2. The router sends the request into the active thread in the harness pool.
3. The harness chooses the right agent path: FAST, PLAN, or BUILD.
4. The agent gathers context from memory, screen capture, files, or voice input.
5. The tool orchestrator selects MCP, Composio, workspace, or AWS-backed tools.
6. Long-running work is pushed into queue/storage paths instead of blocking the UI.
7. The response streams back while the conversation and useful context are persisted.For example, "summarize the emails from the design team and draft replies" can become a routed workflow: pull Gmail context through Composio, retrieve user tone from memory, create draft responses, schedule follow-ups, and keep the thread state available for the next instruction.
Component Breakdown
| Layer | Responsibility | Implementation |
|---|---|---|
| Desktop surface | Persistent assistant UI close to the user's work | Electron, React, TypeScript, Tailwind CSS |
| Routing layer | Accept messages and route them into active threads | Hono routes, API handlers, harness pool |
| Agent core | Decide whether the task needs a fast answer, a plan, or execution | Mastra agent modes |
| Context capture | Bring the user's real working context into the loop | screen capture, OCR, files, Deepgram voice input |
| Local memory | Keep conversation and semantic recall available without forcing everything into cloud state | LibSQL, embeddings |
| Tool orchestration | Connect the assistant to real workflows | MCP servers, Composio, workspace tools |
| Cloud workflow state | Handle durable files, graph state, and async tasks | AWS S3, DynamoDB, SQS |
Local-First vs Cloud-Backed
BlinkAI keeps the interaction loop local-first where it matters: desktop UI, visible context, thread state, and semantic memory can stay close to the user. That keeps the assistant fast and avoids making every action depend on a remote product shell.
The cloud layer is used for the parts that benefit from durability and asynchronous execution:
- S3 stores uploaded files, shared documents, and object context.
- DynamoDB acts as the persistent knowledge graph layer for entities, workflows, and relationships.
- SQS handles background work, delayed jobs, scraping tasks, and workflows that should not block the chat UI.

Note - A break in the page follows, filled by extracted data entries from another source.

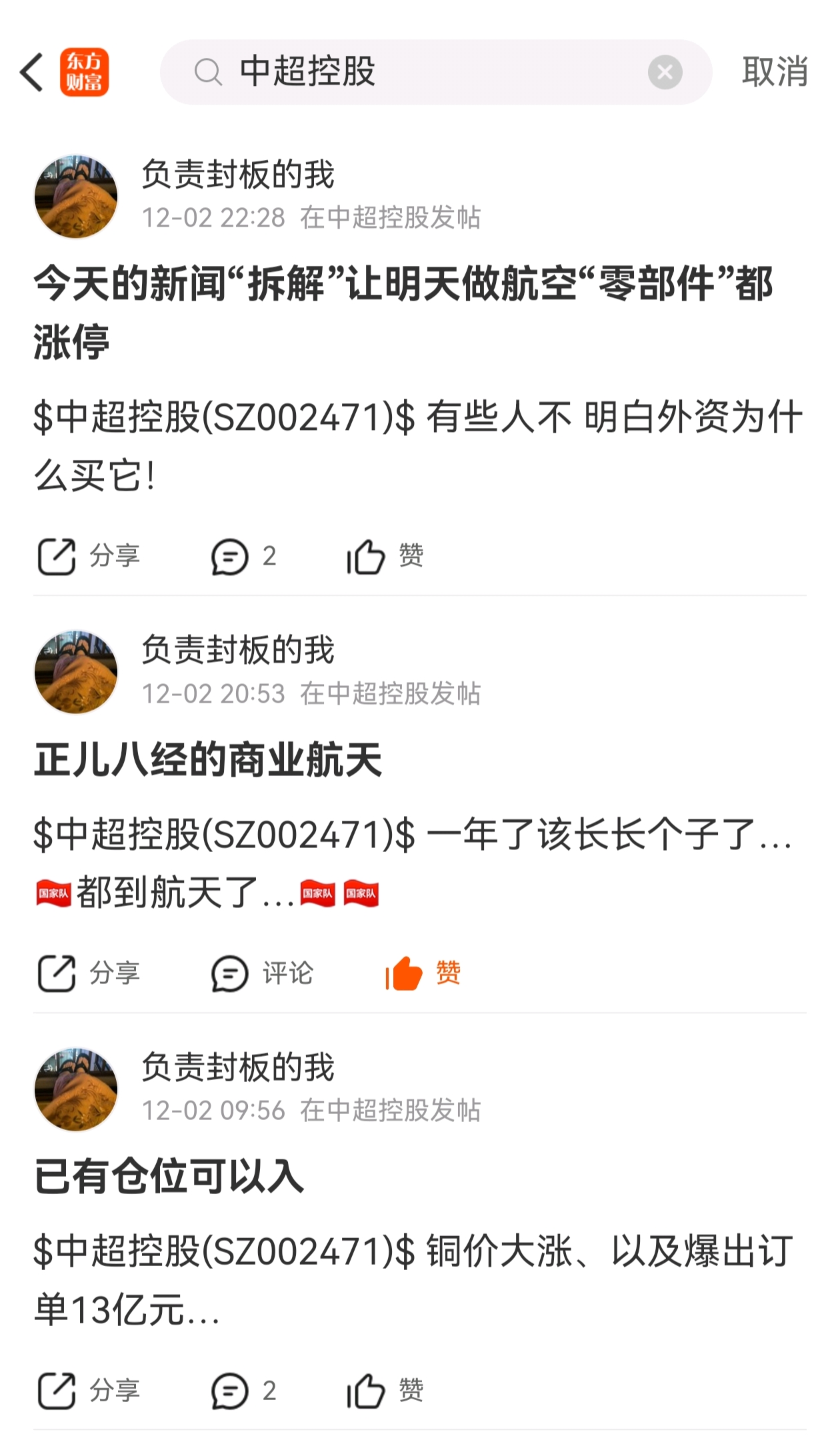 温馨提示: 1.根据《证券法》规定,禁止编造、传播虚假信息或者误导性信息,扰乱证券市场;2.用户在本社区发表的所有资料、言论等仅代表个人观点,与本网站立场无关,不对您构成任何投资建议。用户应基于自己的独立判断,自行决定证券投资并承担相应风险。《东方财富社区管理规定》
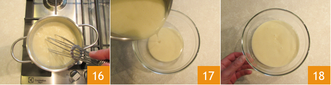 Continuing to stir 16 bring the cream to a boil. Pour the ready cream into a bowl 17 18 and cover with cling film in contact. Let it cool in the refrigerator for at least 1 hour 18.
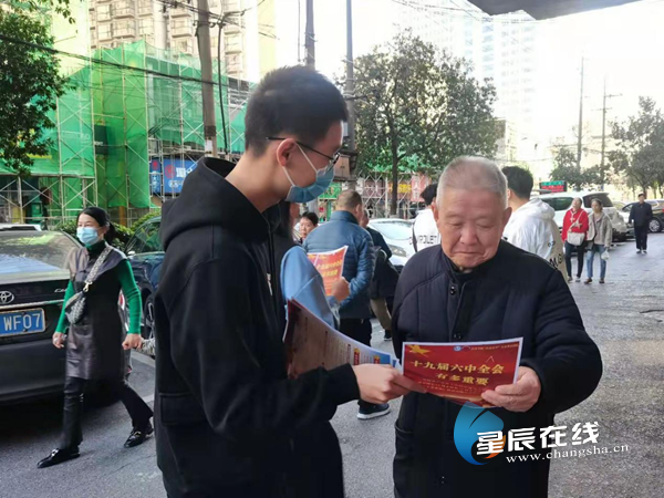 长沙学院学子走上街头宣讲十九届六中全会精神
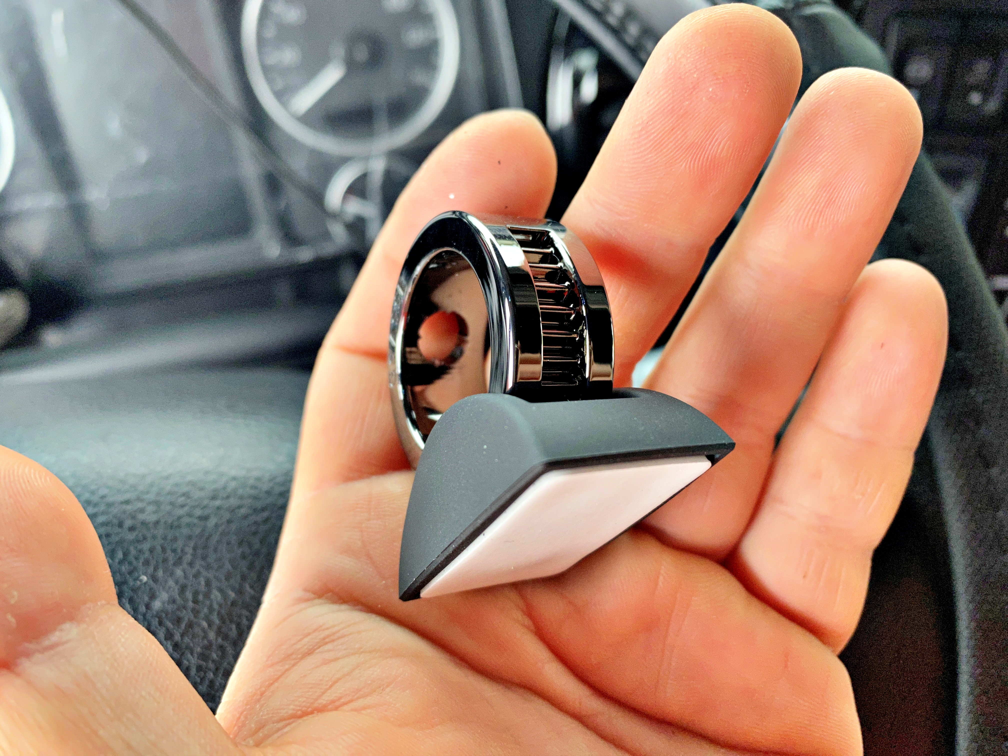 양면테이프를 활용하여 원하는 자리에 홀더를 부착하고 메탈링을 홀더에 끼워주면 됩니다. 메탈링 아래에 홀더와의 결합을 위한 톱니 모양이 보이죠. 절대 떨어지지 않고, 최대 60º까지 각도 조절이 가능합니다.

That split is the core architecture choice: local responsiveness for interaction, cloud durability for workflows.
Agent Modes
BlinkAI uses multiple agent paths instead of treating every request as the same kind of problem.

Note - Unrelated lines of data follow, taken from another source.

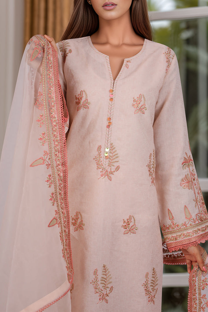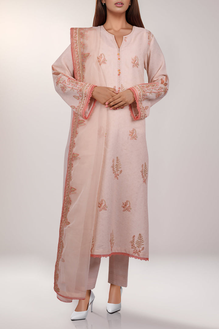 Add sophistication to your wardrobe with Saya.pk's unstitched embroidered self-jacquard 3-piece suit. This premium set features an intricately embroidered self-jacquard shirt, plain trousers, and a coordinating embroidered dupatta, perfect for semi-formal and festive occasions. Elevate your style effortlessly.
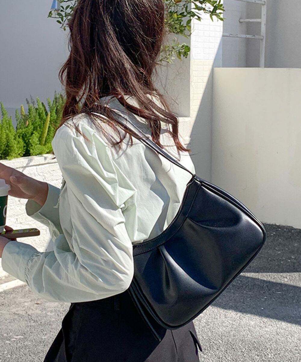 リンクル加工が施された、トレンド感たっぷりのバッグです。
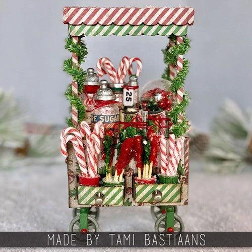 Tim Holtz Confections for Christmas pack includes cute resin candies in various shapes and sizes that will lend themselves well to any Christmas scene you create. Resembling candy canes, try to resist these resin candies! Confections can fill Tim Holtz Snowglobes or hang them from the Tim Holtz Woodland tree lot trees. Or use them as a dimensional element on Christmas paper crafts, or in Christmas party home décor.
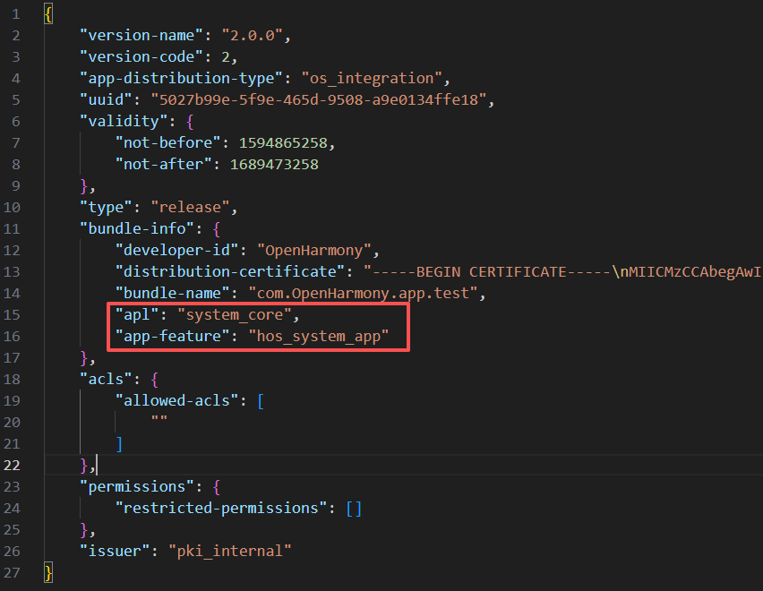 3. 按照示例修改默认签名文件 {SDK目录}/toolchains/lib/UnsgnedReleasedProfileTemplate.json,使得应用可以获得系统API使用权限。
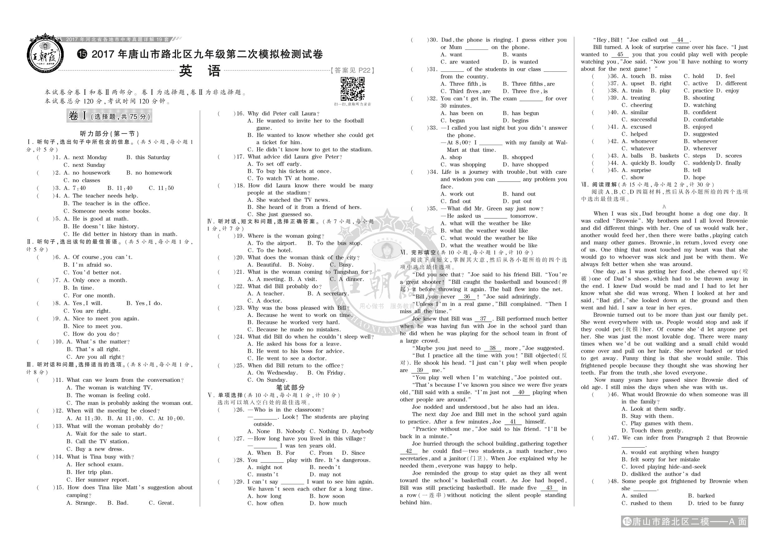 2017年唐山市路北区九年级第二次模拟测试卷【15】
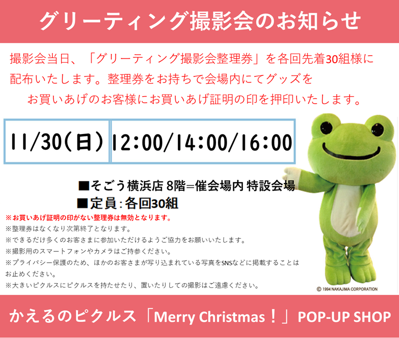 ※開店前に配付が終了していない場合は、8階=催会場内『かえるのピクルス「Merry Christmas!」POP-UP SHOP』会場内「整理券配付カウンター」にて「グリーティング撮影会 整理券」を配付いたします。グッズをお買いあげ後、レシートをご持参のうえ、「整理券配付カウンター」までお越しください。
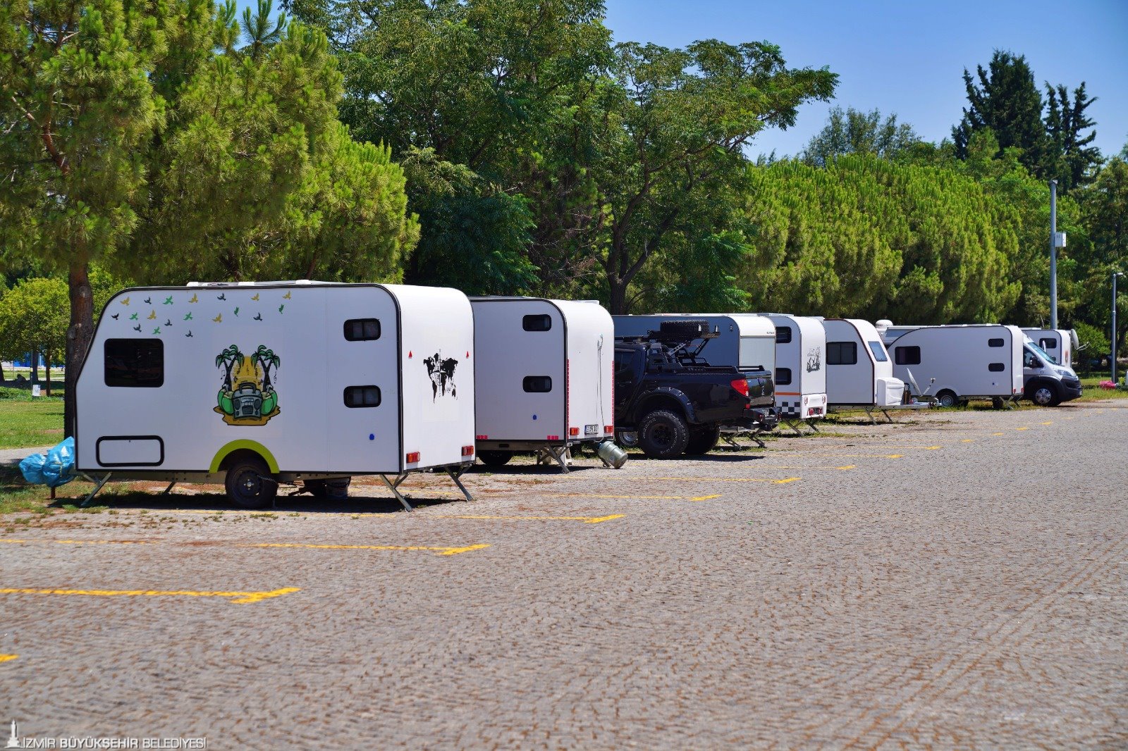 İzmir Büyükşehir Belediyesi, karavanların oluşturduğu park sorununu çözmek, karavan sahiplerinin güvenli parklanmasını sağlamak için çalışmalarını sürdürüyor. İZELMAN AŞ Otoparklar Müdürlüğü tarafından nisan ayında Aşık Veysel Rekreasyon Alanı’nda işletmeye açılan otoparkta, binek araçlar için 163, karavanlar için de 89 park yeri hazırlandı. Otopark, hem abonelik sistemine hem de günlük ve saatlik girişlere göre 24 saat esasıyla güvenlik görevlileri kontrolünde işletiliyor. Otopark alanında araçların giriş ve çıkışları ise güvenlik kameraları tarafından kayıt altına alınıyor. İzmir Büyükşehir Belediyesi, karavanların park edebilmesi için bir alana daha karavan otoparkı açmaya hazırlanıyor. İnciraltı Terminali’nde yapım çalışmaları devam eden otoparkta, çekme tekneler için 64, karavanlar için de 93 park yeri oluşturuluyor. İZELMAN AŞ Otoparklar Müdürlüğü tarafından işletilecek otopark, sadece abonelik sistemine göre hizmet verecek ve araçların giriş ve çıkışları güvenlik kameraları tarafından kayıt altına alınacak. İnciraltı’nda faaliyete girecek otopark da 24 saat açık olacak ve güvenlik görevlileri tarafından kontrol edilecek.
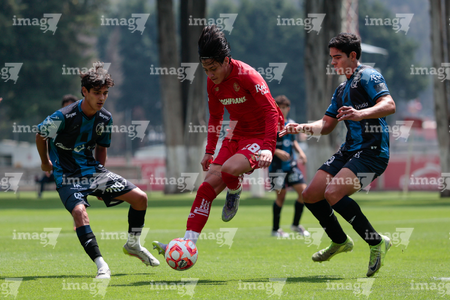 Metepec, Estado de México, 22 de abril de 2026. Diego Escalante, Gustavo Cervantes y Gael Beltran, durante el partido correspondiente a la jornada 13 del torneo Clausura 2026 de la Liga BBVA MX categoría Sub17, entre los Diablos Rojos del Toluca y los Gallos Blancos del Querétaro, realizado en las instalaciones de Metepec. Foto: Imago7/Daniel Arriaga

- FAST is for short, low-tool answers where loading heavy context would waste time.
- PLAN is for multi-step tasks that need decomposition before execution.
- BUILD is for action-heavy workflows where the assistant may call tools, touch files, or coordinate external services.

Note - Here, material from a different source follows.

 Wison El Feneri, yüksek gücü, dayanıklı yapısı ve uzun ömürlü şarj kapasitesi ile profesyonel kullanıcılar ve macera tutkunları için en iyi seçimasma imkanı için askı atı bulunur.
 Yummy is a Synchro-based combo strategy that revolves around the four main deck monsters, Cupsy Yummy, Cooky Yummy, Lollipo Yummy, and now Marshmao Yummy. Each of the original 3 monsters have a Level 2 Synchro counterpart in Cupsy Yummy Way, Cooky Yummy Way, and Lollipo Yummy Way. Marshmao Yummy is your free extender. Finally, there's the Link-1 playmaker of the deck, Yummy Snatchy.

This keeps simple questions lightweight while still leaving room for deeper automation.
Tool Routing
The tool layer combines two ideas:
- MCP servers provide a standard way to attach local or community tools.
- Composio integrations provide broad access to SaaS workflows such as GitHub, Gmail, Google Calendar, and more.
The result is an assistant that can move from "what does this error mean?" to "create an issue, attach the context, and draft the follow-up" without changing surfaces.
What I Built
The project touches the full stack of an agent product:
- Electron desktop shell and React UI
- Mastra-based agent orchestration
- Hono/API routing and harness lifecycle management
- screen, voice, and file context ingestion
- local semantic memory
- MCP and Composio tool integrations
- AWS-backed file, graph, and queue infrastructure
- demo and web preview surface
What This Shows
BlinkAI shows the kind of AI system I like building: product-shaped, tool-aware, and close to real user workflows. It is not just a prompt wrapper. It combines desktop UX, agent architecture, memory, workflow automation, cloud infrastructure, and integration design into one assistant surface.
The most important proof is the architecture: BlinkAI is built around routing, context, memory, and execution. That is the difference between a chatbot demo and an assistant that can become part of someone's actual operating system for work.